Again, from Marquette University’s website:
Are we requiring the COVID-19 vaccine?
Answer: Marquette is requiring that students (undergraduate, graduate, professional) who will be attending classes during the 2021-22 academic year be fully vaccinated against COVID-19 by Aug. 1, 2021.
Marquette is not alone.
Today’s read is from Andrew Bostom, MD, MS, an associate professor of family medicine (research) at the Warren Alpert Medical School of Brown University; Aaron Kheriaty, MD, a professor of psychiatry at the University of California at Irvine School of Medicine and the director of the Medical Ethics Program at UCI Health; Peter A. McCullough, MD, MPH, a professor of medicine at Texas A&M University College of Medicine; Harvey A. Risch, MD, PhD, a professor of epidemiology at Yale School of Public Health; Michelle Cretella, MD, the executive director of the American College of Pediatricians; and Gerard V. Bradley, JD, a professor of law at the University of Notre Dame.
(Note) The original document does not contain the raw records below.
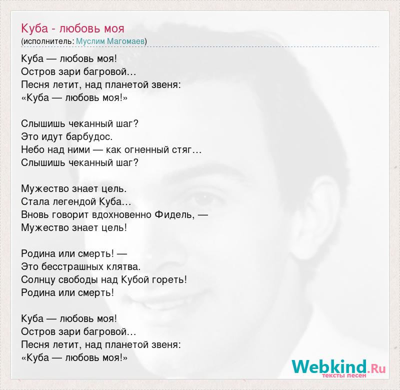 Куба — любовь моя! Остров зари багровой… Песня летит, над планетой звеня: «Куба — любовь моя!» Слышишь чеканный шаг? Это идут барбудос. Небо над ними — как огненный стяг… Слышишь чеканный шаг? Мужество знает цель. Стала легендой Куба… Вновь говорит вдохновенно Фидель, — Мужество знает цель! Родина или смерть! — Это бесстрашных клятва. Солнцу свободы над Кубой гореть! Родина или смерть! Куба — любовь моя! Остров зари багровой… Песня летит, над планетой звеня: «Куба — любовь моя!»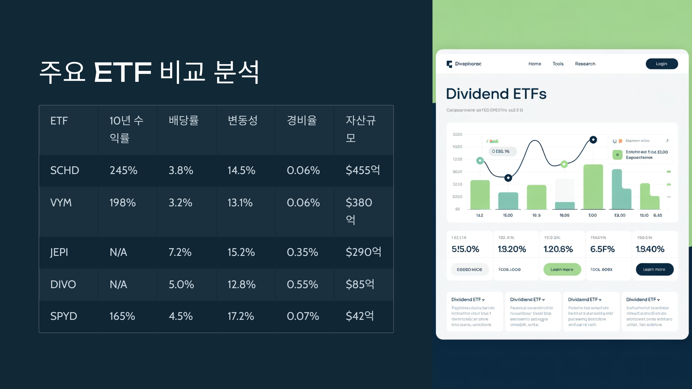 | SCHD | Schwab | 3.5% | 성장성과 수익률 균형 우수 |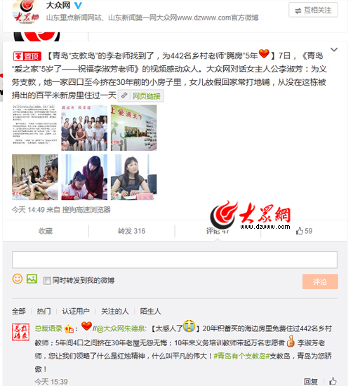 大眾網濟南8月11日訊(記者 盛堃)“平凡的偉大,感動中!”“為李淑芳老師點贊!”11日下午,大眾網報道“青島支教島的李淑芳,為442名鄉村老師騰房5年”一事后,受到眾多網友關注。在短短半天的時間里,網友紛紛在山東24小時客戶端、微博、微信等平臺為李淑芳和“支教島”點贊,文章轉發、評論已達數萬次。今天,“支教島”刷爆了網友的朋友圈,“微傳播”的凡人善舉感動了萬千網友。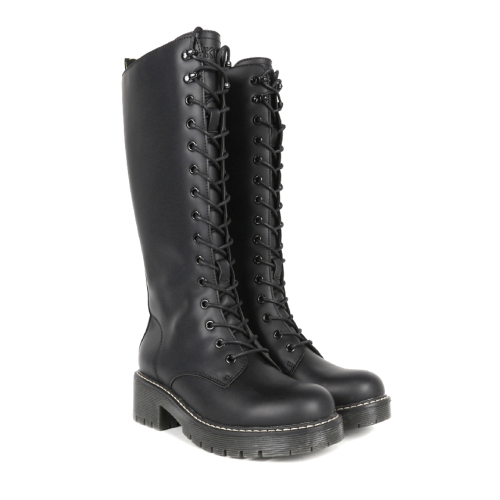 Bota militar caña alta con cordones y cremallera interna que facilita un ajuste perfecto para todo tipo de piernas. Suela de goma de 4 cms.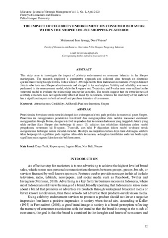 Muhammad, Ivan Syaugy and Dewi, Wuisan (2023) The impact of celebrity endorsement on consumer behavior within the Shopee online shopping platform. Milestone: Journal of Strategic Management, 3 (1): 3. pp. 32-40. ISSN 2775-3565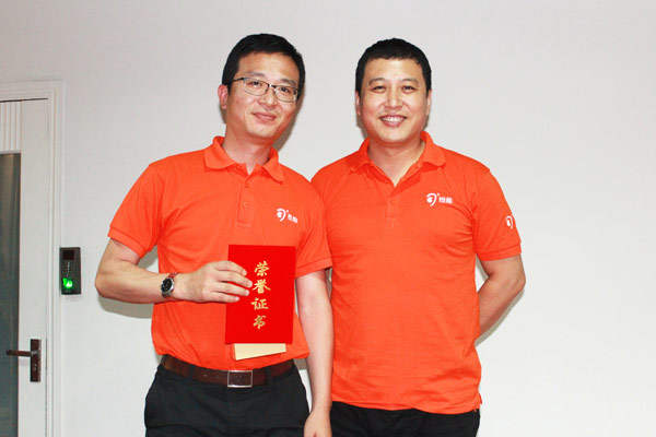 △江蘇司能總經(jīng)理賈汝濤與獲得大客戶維穩(wěn)進(jìn)步冠軍陳遠(yuǎn)銘合影。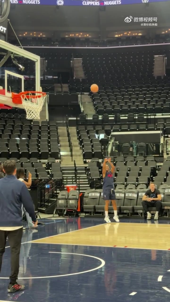 快船季前赛主场战掘金 保罗赛前热身飚中负角度三分
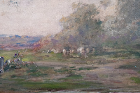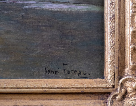 An outstanding rural landscape scene of large proportions by Lois Henri Foreau (French, 1866-1938). Oil on canvas.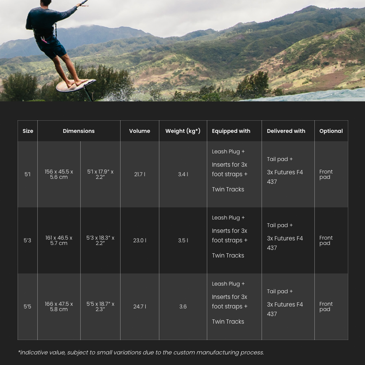 This board is available in three sizes: 5’1, 5’3 and 5’5. All are equipped with a tail pad, a fin set of Futures F4 437 Thruster, foot straps inserts, as well as deck inserts in the ideal location for a V-strap setup at the front to get the most out of your foiling. Adding a middle and front pad is also an option if desired.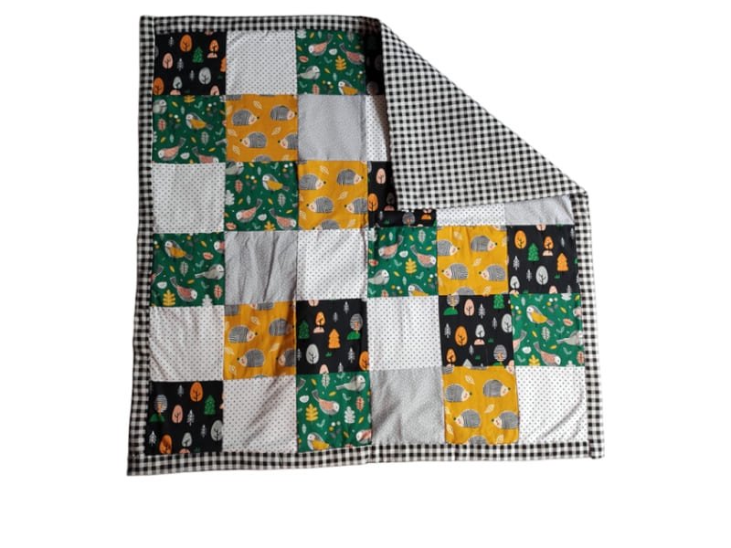 Manta bebé bordada modelo Vichy Negro de Petons de Papallona, confeccionada 100% en algodón. Cada pieza es única y hecha completamente a mano, garantizando calidad y detalle artesanal.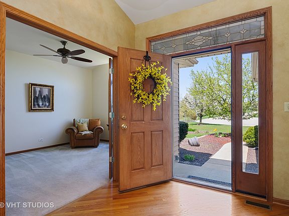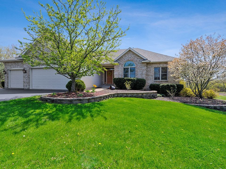 METICULOUS RANCH SITUATED ON 2 PEACEFUL ACRES WITH BEAUTIFUL WOODED VIEWS... Elevated ceilings, skylights, crown moldings and hardwoods introduce this custom KLM ranch in The Preserve of Spring Grove. The home offers a thoughtful layout with spacious foyer and living room featuring a cozy fireplace that opens to the dining room and deck overlooking a lush backyard. The updated kitchen is equipped with plenty of cabinetry, a sharp tile backsplash, granite counters with breakfast bar and spacious eating area that leads into the three season room. The home currently offers 2 bedrooms and a den that can easily be converted back to a 3rd bedroom. The master suite features a nice size walk-in closet and master bath equipped with a double sink vanity, separate shower and jetted tub. The lower level offers a full walkout basement with tall ceilings and roughed in bath-ready for you to make your own. The home is quietly tucked away at the end of a cul-de-sac and offers great one level living!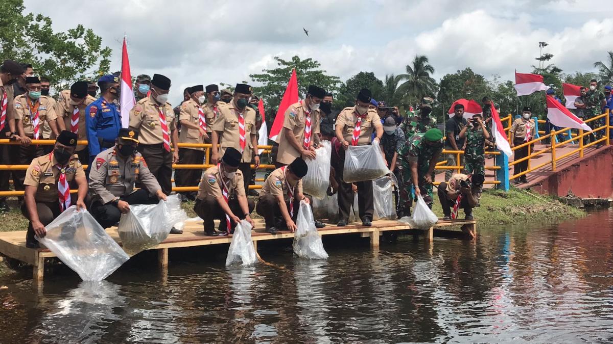 The Opening Ceremony of the National Community Development Camp 2021 or Perkemahan Wirakarya Nasional 2021 held in three different locations, namely at the Abdurrahman Sayoeti Musa Scout Camp, Muaro Jambi Regency, Subcamp at Singoan Village Field, Batanghari Regency and the opening by Kak Zainudin Amali through a zoom meeting in Jakarta.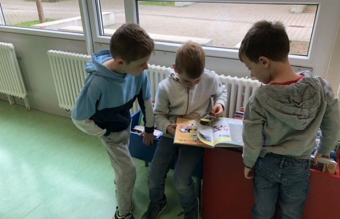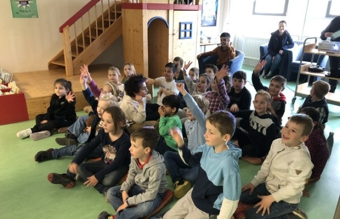 Um bei den Kindern die Liebe zu den Büchern zu wecken und zu vertiefen, feiern wir in jedem Jahr den Welttag des Buches. Und wo kann man diesen Tag am besten begehen? Natürlich in der Bücherei. Nach einer kurzen Einstimmung im Klassenzimmer machten wir, die Klasse 1c, uns auf den Weg zur Kreisbücherei, die für uns extra früher als gewöhnlich ihre Türen öffnete. Umgeben von all den großen, mit Büchern gefüllten Regalen hatte Frau Eckerle uns eine Vorlese-Insel vorbereitet. Als wir alle gemütlich auf den Kissen saßen, präsentierte sie uns die Geschichte vom „Zahnputztag im Zoo“ als Bilderbuch-Kino. Die Geschichte hat genau unseren Geschmack getroffen und wir haben viel über die lustige Geschichte mit den witzigen Bildern gelacht. Im Anschluss stöberten wir durch die vielen Bücherkisten und Regale und staunten, wie vielfältig das Angebot der Bücherei ist. Viele von uns wollten gleich am Nachmittag mit den Eltern noch einmal kommen, um sich in der Bücherei anzumelden.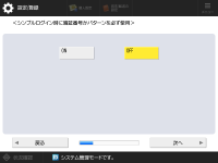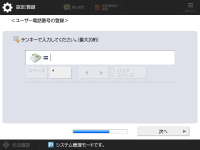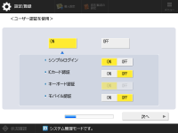 本機のセキュリティーを高めるために、ユーザー認証を使用する体制で運用してください。 ![]() ![]() <ユーザー認証を使用>の<ON>を押して使用するログイン方法の<ON>を押し、<次へ>を押します。 ユーザー認証を使用しない場合は、<ユーザー認証を使用>の<OFF>を押したあと<OK>を押し、Step 5へ進みます。 ![]() 本機に「Administrator」ユーザー以外に管理者が登録されていない場合は、次の設定を行います。 ![]() 本機のセキュリティーを高めるため、新規に管理者を登録して「Administrator」ユーザーを無効にする場合は、<はい>を押します。<管理者ユーザーの登録>で<ユーザー名>、<パスワード>を押してそれぞれ入力し、<OK>を押します。必要に応じて<Eメールアドレス>、<部門ID>、<表示名>を設定してください。詳しくは、ローカルデバイスにユーザー情報を登録するを参照してください。「Administrator」ユーザーは次回ログイン時から無効になります。 「Administrator」ユーザーで運用する場合は、<いいえ>を押します。 ![]() ![]() ログイン画面を表示するタイミングを選びます。<機能選択時に表示>を選んだ場合は、<ファンクション>を押して、ログイン画面を表示させる機能を選び、<OK>を押します。また、<設定/登録>画面でどの項目を設定するときにログイン画面を表示させるかを選びます。 <シンプルログイン>と<キーボード認証>を<OFF>にした場合は、<OK>を押します。Step 5へ進みます。 <シンプルログイン>または<キーボード認証>を<ON>にした場合は、<次へ>を押します。 ![]() ![]() ログイン画面でテンキー入力のみによる認証を使用する場合は、<ON>を押します。 <シンプルログイン>を<OFF>にした場合は、<OK>を押します。Step 5へ進みます。 <シンプルログイン>を<ON>にした場合は、<次へ>を押します。 ![]() ![]() シンプルログインで暗証番号やパターンの入力を必須にするかどうかを設定し、<次へ>を押します。 ![]() ![]() プリント機能に適した状態でシンプルログインを使用したい場合は、<ON>を押します。強制留め置き印刷が有効になり、パソコンからの印刷データを利用してユーザー登録したり、プリントするユーザーに適したログイン画面をデフォルト表示にしたりする設定になります。詳しくは、強制留め置き印刷の設定をする、<ユーザーの登録方法>、<シンプルログイン画面のデフォルト表示の変更>を参照してください。 ![]() ![]() シンプルログイン画面のプリセットボタン数を選び、<OK>を押します。 本機はログインサービスにUser Authentication(個人認証管理)を使用する設定になっています。詳しくは、個人認証管理を開始するを参照してください。 | |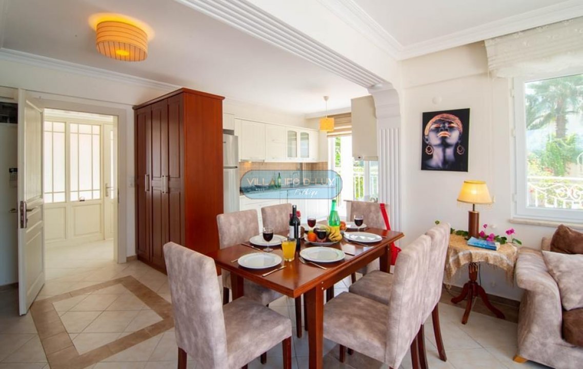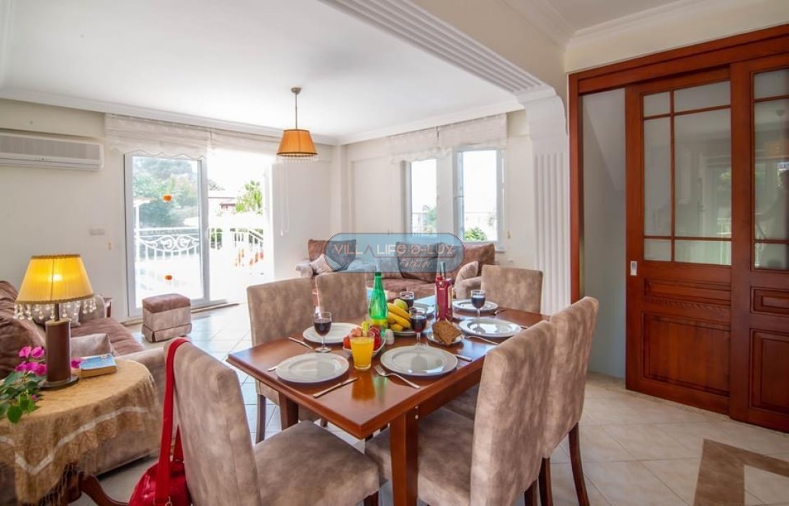 Salon; Modern tasarımlı, özenle dizayn edilmiş salonda şık ve rahat bir oturma grubu, yemek masası ve sandalyeler, televizyon, uydu alıcı, klima bulunmaktadır.Salondan havuz kenarına direkt çıkış bulunmaktadır.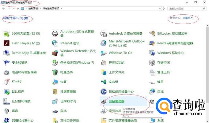如图所示,显示控制面板所有项目。点击"设备管理器"图标,用于查看和更新设备硬件设置和驱动程序软件。

They write:
All the colleges and universities that have announced mandates have also indicated they will grant medical exceptions. Some have publicly made available the criteria according to which they will decide exemption petitions.
We have examined many of these rubrics. The narrow scope of these medical exemptions is alarming: the exemptions are so medically unsound and unduly restrictive that they create a clear and present danger to the health, and potentially, the lives, of students subject to these mandates.
Read their entire column here.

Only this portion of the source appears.